Hi, we got the van serviced and MOT'd at Motomex in Havant Tel: 02392470224 we also had a habitation service at the place next door - Mitchell & James Caravans Ltd. They work together and passed the van over between them. Very friendly service from both. Post code for the GPS - PO9 1JT
Not that close to Southampton but maybe of use to others in the area

Mike


----------



## wilse (Aug 10, 2007)

I used the VOSA site to MOT our car. I asked about the truck, he said they could do it as long as it didn't exceed 4 tonne, as that was the limit of the ramp.
They do all the MOT/servicing for the council vehicles.
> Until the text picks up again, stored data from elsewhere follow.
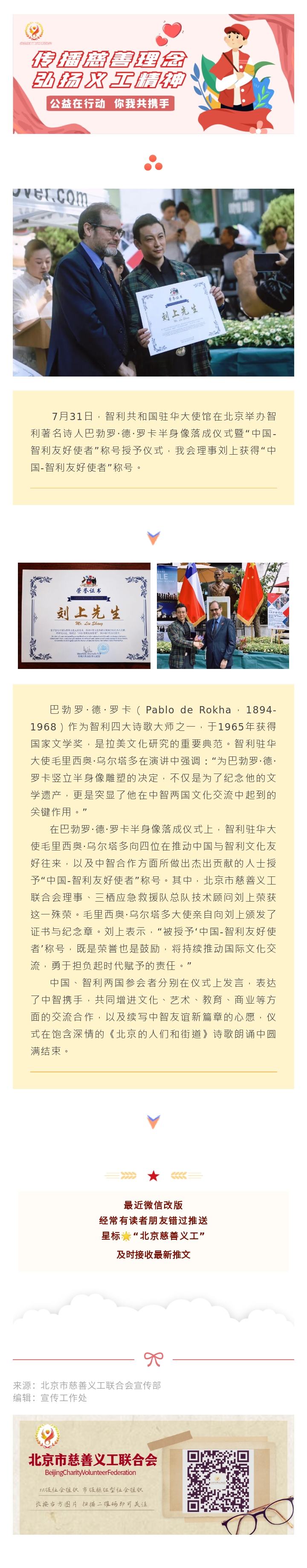 【理事动态】我会理事刘上获得“中国-智利友好使者”称号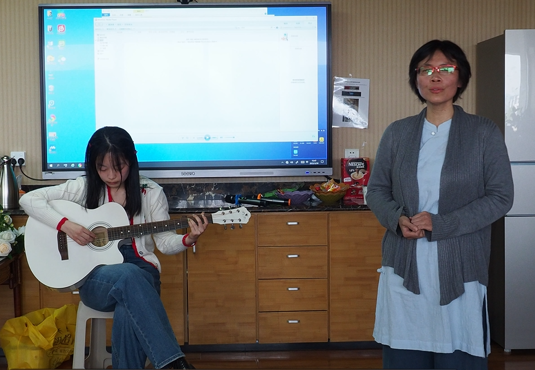 最后张燕芬老师与吕瑞烨同学选择了杜甫的《绝句》进行闽语和粤语二重唱,现场掌声不断。此外,张燕芬老师还现场吟唱了《如梦令》,阐释了“吟诵”和“吟唱”的概念,并鼓励大家只要有心,也可以用自己的母语方言进行诵读吟唱。吟诵,口诵心惟,以声传情,张老师表示吟诵不仅是一门优秀的中国传统艺术,使我们对诗词的理解更加深刻,进一步感受传统文化之美,对我们的身心健康也大有裨益。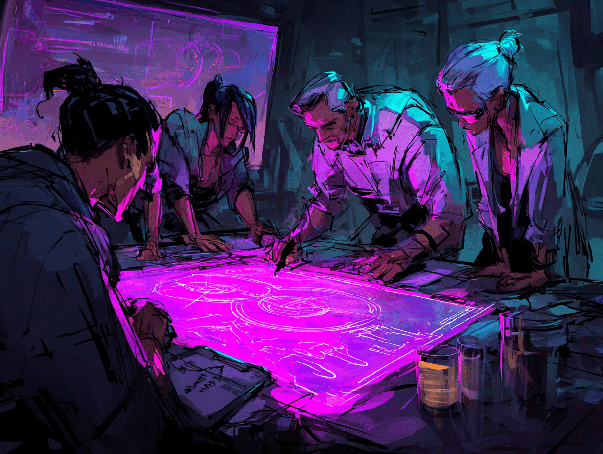 Concept art: a team of strategists and designers leaning over a luminous table, on which a holographic blueprint of a brand is projected. Elements are visible: a logo in development, a color palette, target audience diagrams, and mission keywords. An atmosphere of brainstorming and creating something new. Neon glow, cyberpunk aesthetic, high detail. --ar 4:3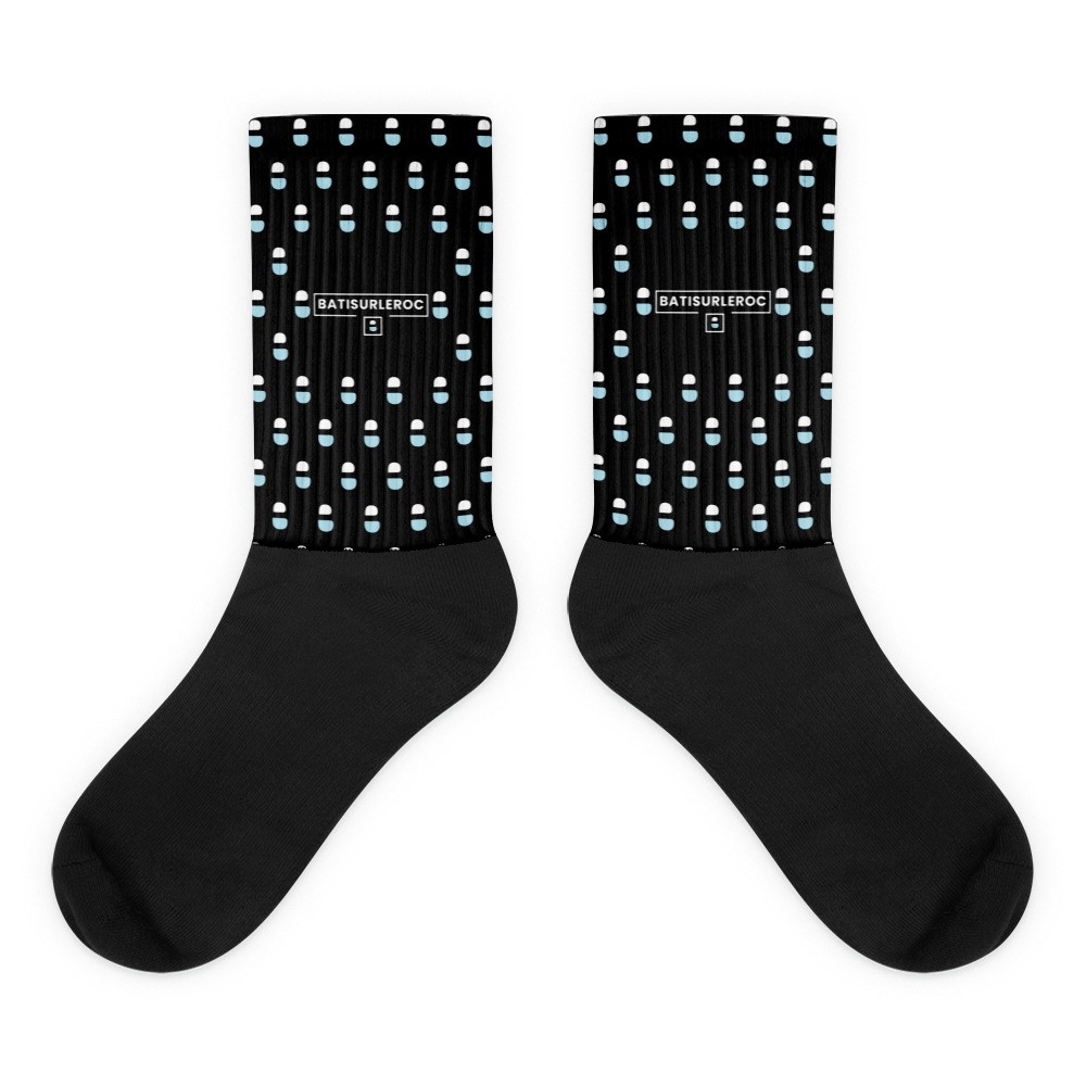 Ces chaussettes sont extrêmement confortables grâce à leur fond rembourré. Elles sont noires au niveau du pied, avec des motifs imprimés aux couleurs vives et éclatantes le long de la jambe.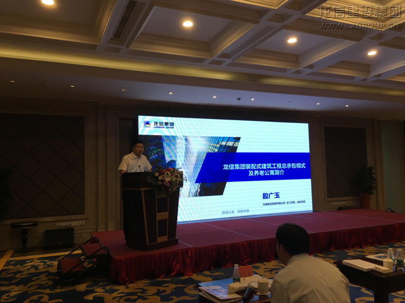 6月14日上午,會(huì)議由中國(guó)土木工程學(xué)會(huì)住宅工程指導(dǎo)工作委員會(huì)理事長(zhǎng)張軍主持。郭允沖部長(zhǎng)致辭并分析了國(guó)內(nèi)外裝配式建筑的現(xiàn)狀和未來(lái)發(fā)展方向。王華理事長(zhǎng)對(duì)裝配式建筑的發(fā)展歷程和技術(shù)體系做了深入分析。龍信集團(tuán)總工程師殷廣玉作了題為“龍信集團(tuán)裝配式建筑與養(yǎng)老住宅介紹”的匯報(bào),詳細(xì)介紹了龍信產(chǎn)業(yè)化發(fā)展歷程和技術(shù)優(yōu)勢(shì),并就南通人才公寓項(xiàng)目和海門樂(lè)頤薈老年公寓項(xiàng)目為實(shí)例講述了龍信集團(tuán)裝配式剪力墻及框架結(jié)構(gòu)設(shè)計(jì)、施工的先進(jìn)性并介紹了龍信老年公寓讓老者“養(yǎng)、尊、處、優(yōu)”的社區(qū)養(yǎng)老運(yùn)營(yíng)模式。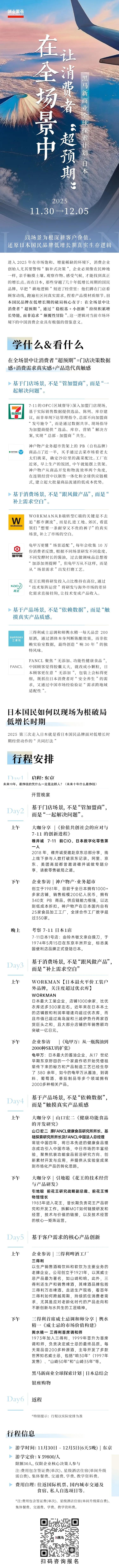 11月30日-12月5日,我们将带着黑马的同学们,一起去日本学习:日本品牌穿越周期背后的经营密码共同拆解日本在低欲望、低增长、少子化、高龄化背后,怎样孕育出如此多行业的领军企业?包括大家熟悉的三得利、711、花王、FANCL、神户物产、WORKMAN
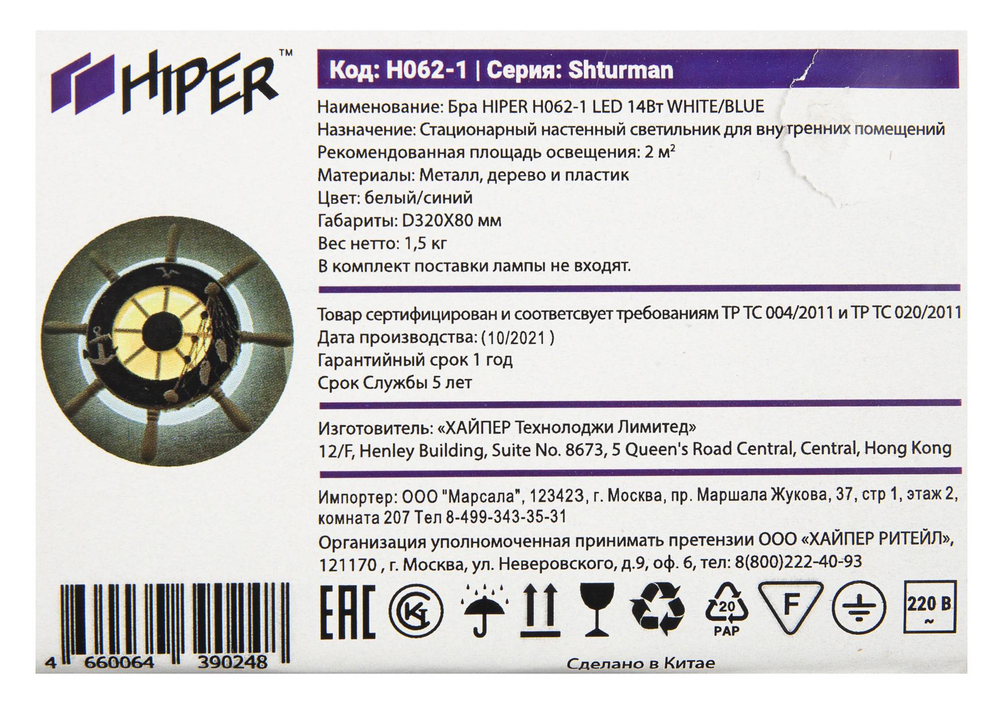 • PartNumber/Артикул Производителя H062-1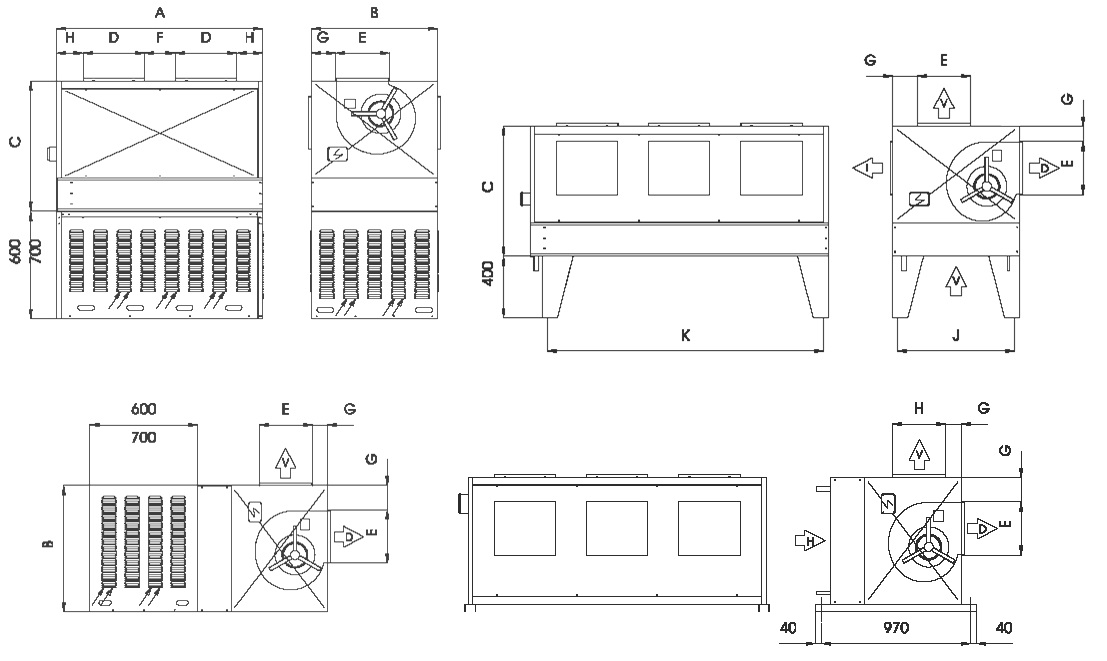 Posibilidad de suministro: Entrada de aire vertical, salida vertical (V-V), salida horizontal derecha (V-D), salida horizontal izquierda (V-I). Entrada de aire horizontal, salida vertical (H-V), salida horizontal derecha (H-D).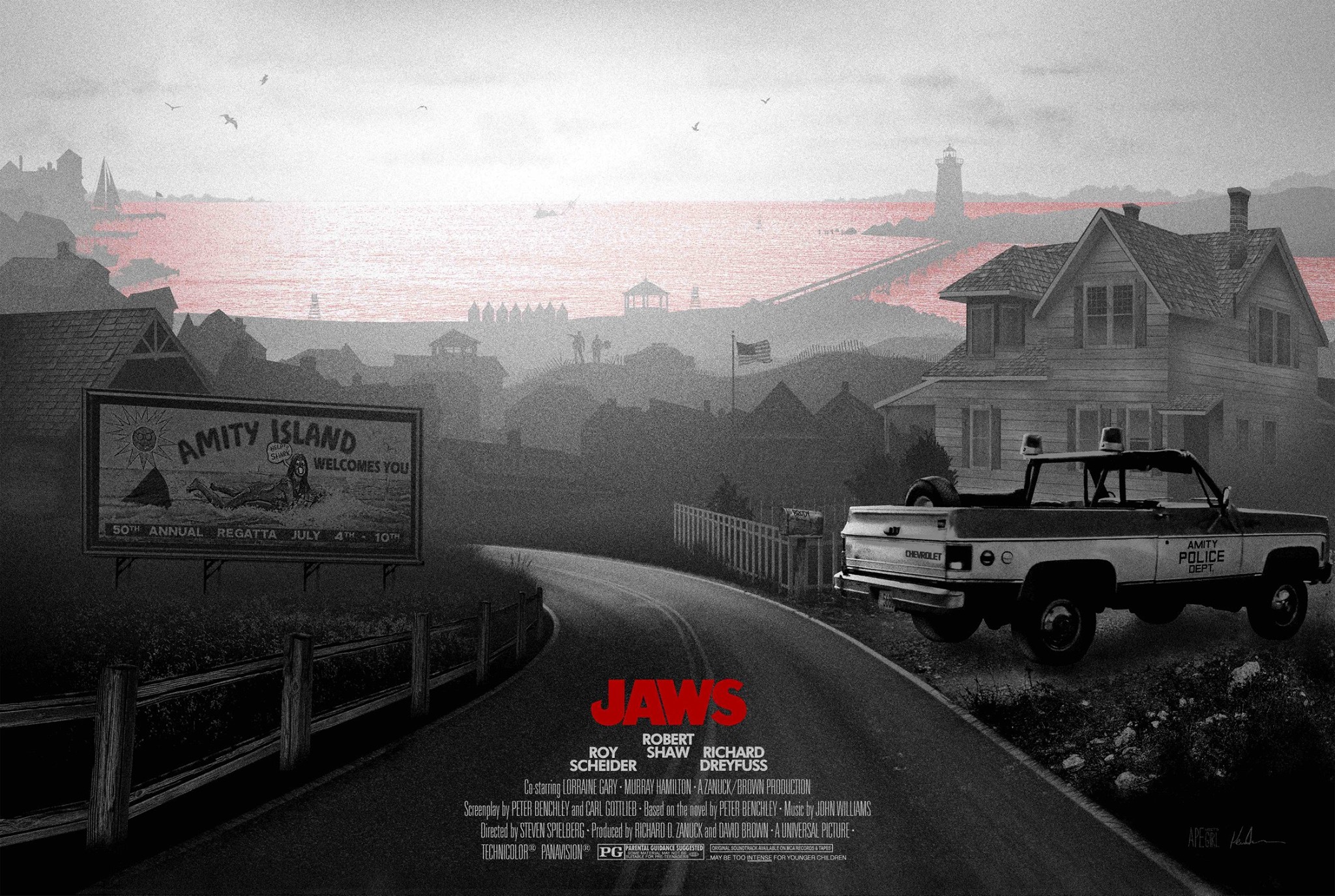 I think you'll all agree Kevin has knocked these out of the park (or sea) to show a very different side of Amity that has yet been seen in print form. The key focus was the town of Amity and to reference the sign in a way that it welcomes you into the town before and after the shark attack. The prints are full of film references and easter eggs from the Reservoir that Police Chief Brody sends his son to play in, to his house (and letter box), the broken fence to the detail on the beach and buoy in the sea and not forgetting the sign. There may also be an appearance from Jaws himself in one form or another for those who are eagle eyed...there's more than one shark reference.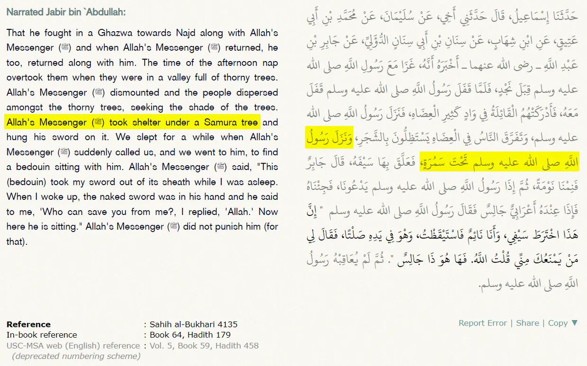 Allah's Messenger (ﷺ) took shelter under a Samura tree.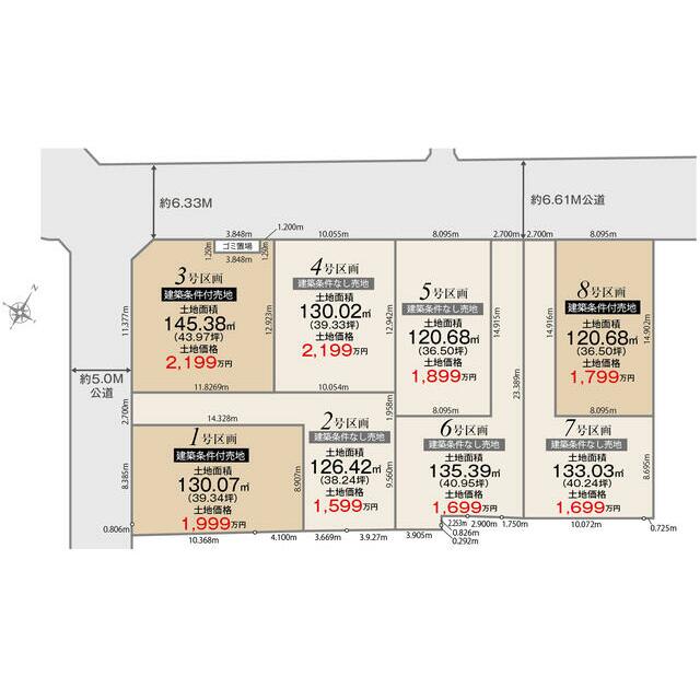 | 土地面積 | 実測 126.42㎡ | 坪数 | 38.24坪 | 坪単価 | 41.82万円 |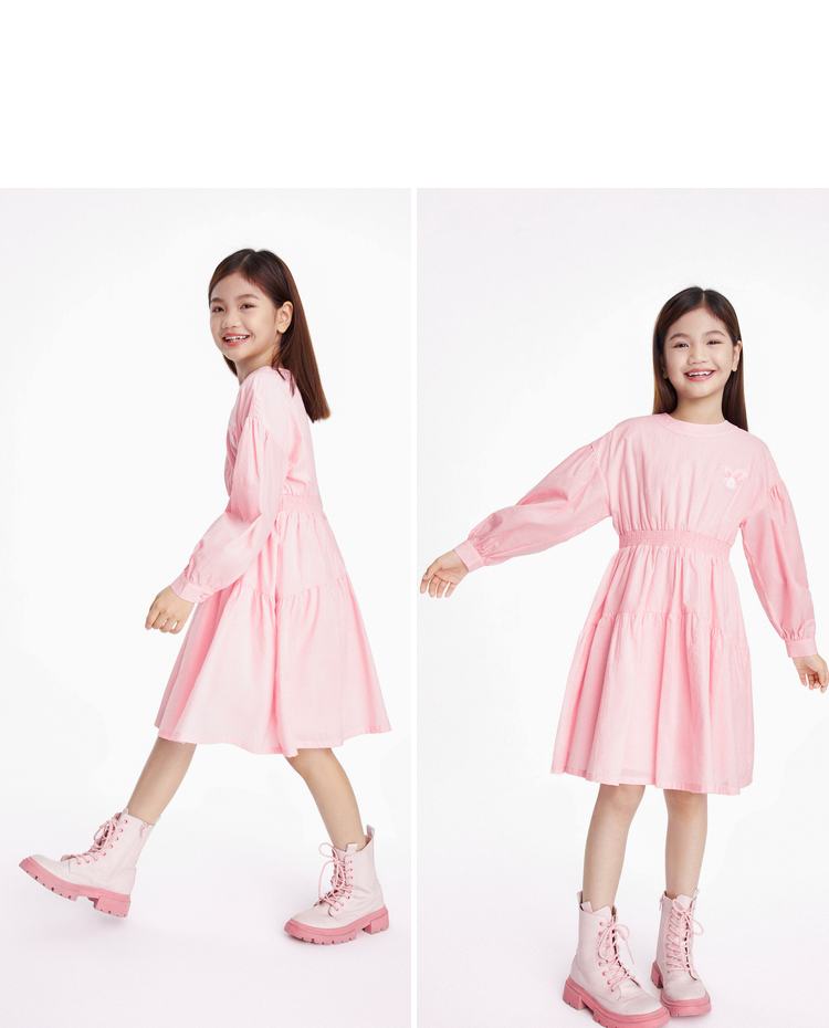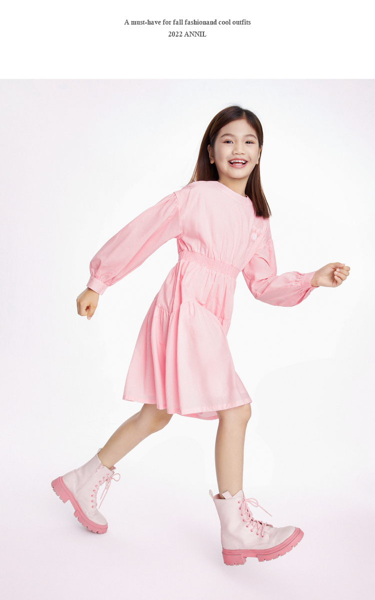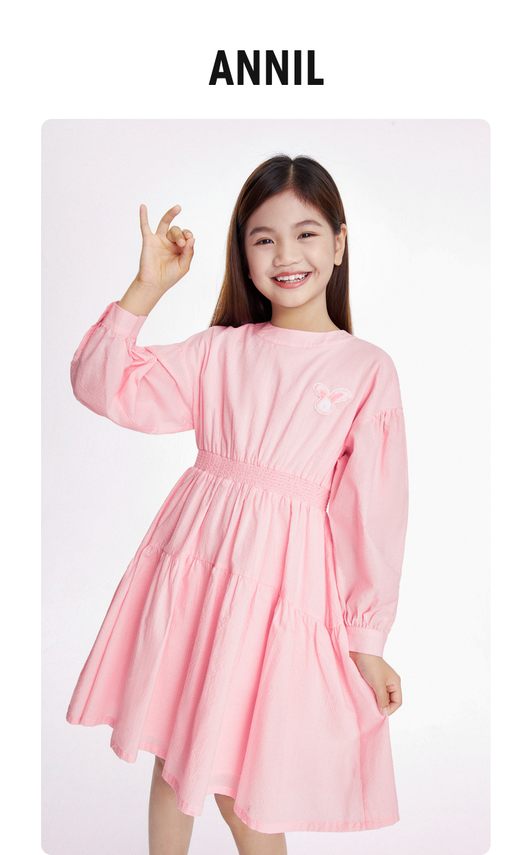 女童连衣裙洋气长袖秋新款女孩时髦纯棉甜美公主A字裙安奈儿童装EG313048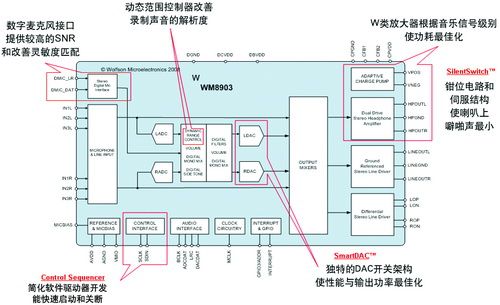WM8903功能框图示于图1,其特点如下:

Our car could have failed on a side light bulb, but the chap gave me the bulb and I hastily slapped it in... job done for another year.

MOT cost was £40.


w


----------



## ingram (May 12, 2005)

......and if anyone else wants to give Atkins a try, they are

Atkins Transport and their direct dial to the MOT station is 01483213119. They are located north of Guildford by pass just off and alongside the A3 on the junction for Send. Try multi map on their post code of GU23 7LN if you haven’t been before.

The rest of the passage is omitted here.